The final push for the hat trick came down to the wire.

Five minutes before the deadline, the team submitted work in its third and hardest data science competition of the year in recommendation systems. Called RecSys, it’s a relatively new branch of computer science that’s spawned one of the most widely used applications in machine learning, one that helps millions find what they want to watch, buy and play.

The team’s combination of six AI models packed into the contest’s limit of 20 gigabytes all of the smarts it culled from studying 750 million data points. An unusual rule in the competition said the models had to run in less than 24 hours on a single core in a cloud CPU.

They hit the submission button and waited.

Twenty-three hours and 40 minutes later an email arrived: They hit No. 1 on the leaderboard.

Right Under the Buzzer

On June 28 it was official, a seven-member NVIDIA team won for the second time the ACM RecSys Challenge.

“The email came in right under the buzzer — 20 minutes later and we would have timed out,” said Chris Deotte, one of several team members who’s also a grandmaster in Kaggle competitions, the online Olympics of data science.

“We were really on the edge,” said Benedikt Schifferer, a teammate who helps design NVIDIA Merlin, a framework to help users quickly build their own recommendation systems.

GPUs could have busted through the inference job in a fraction of the time. Adapting the work to one CPU core “was like going back to the distant past,” said Gilberto “Giba” Titericz, a Brazil-based Kaggle grandmaster on the team.

In fact, once the competition was over, the team demonstrated the inference job that took nearly 24 hours on a CPU core could run on a single NVIDIA A100 Tensor Core GPU in just five and a half minutes.

Sorting 40M Items a Day

For that competition, Twitter gave participants millions of data points a day for 28 days and asked them to predict which tweets users would like or retweet. It was an industrial-strength challenge from the leading technical conference on RecSys, an event that draws a who’s who of top engineers from Facebook, Google, Spotify and other players.

Part of the winning RecSys team
Part of the RecSys Challenge team (clockwise from upper left): Bo Liu, Benedikt Schifferer, Gilberto Titericz and Chris Deotte.

The discipline is as hard as it is helpful. Recommendation systems fuel our digital economy, serving up suggestions faster and smarter than a traditional search.

Industry challenges help advance the field for everyone, whether they’re seeking the perfect gift for a spouse or trying to find an old friend online.

Three Wins in Five Months

Earlier this year, the full NVIDIA team led a field of 40 in the Booking.com Challenge. They used millions of anonymized data points to correctly predict the final city a vacationer in Europe would choose to visit.

In June, another top recsys contest, the SIGIR eCommerce Data Challenge, set an even higher hurdle.

Part of the winning SIGIR RecSys team
SIGIR challenge winners include (clockwise from upper left) Ronay Ak, Sara Rabhi, Md Yasin Kabir and team leader Gabriel Moreira.

The annual meeting of the Special Interest Group on Information Retrieval, SIGIR, draws experts from companies that span Alibaba to Walmart Labs.
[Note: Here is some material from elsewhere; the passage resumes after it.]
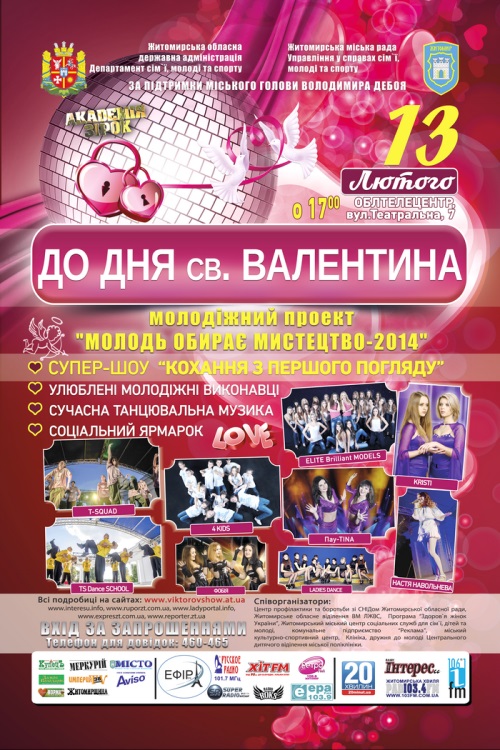 Залишається додати, що створенню молодіжного мистецького свята "ДЕНЬ СВЯТОГО ВАЛЕНТИНА-2014" сприяють: генеральний медіа-партнер – телерадіокомпанія "ЕФІР" та її радіостанції "Русское радио", "Ретро FM", "Ера FM", "Хіт FM", "Радіо РОКС", ексклюзивний медіа-партнер – газета "20 хвилин", головний медіа-партнер – газета "Ваші ІНТЕРЕСи", головний радіо-партнер – радіо "Житомирська хвиля". Інформаційну підтримку здійснюють: радіостанціїя "Z-радіо", КП "Реклама", РА "Прайм", газети "Авізо", "Місто", "Пульс-норма", "Імперія ТВ", "Меркурій", "Житомирщина", сайт Житомирської міської ради, сайти: www.interesu.info, www.ruporzt.com.ua, www.expreszt.com.ua, www.ladyportal.info

Its 2021 challenge provided 37 million data points from online shopping sessions and asked participants to predict which products users would buy.

Overlap with the ACM contest forced the NVIDIA team to split into two groups that coordinated their efforts between the contests. Ratcheting up the pressure, some team members were heads down writing a paper for the ACM RecSys conference.

The Art of the Fast Break

Two factors propelled a five-person NVIDIA team with members spread across Brazil, Canada, France and the U.S. to the best overall performance, taking first or second place in every leaderboard. They made a big bet on Transformer models developed for natural-language processing and increasingly adopted for recsys, and they understood the art of the handoff.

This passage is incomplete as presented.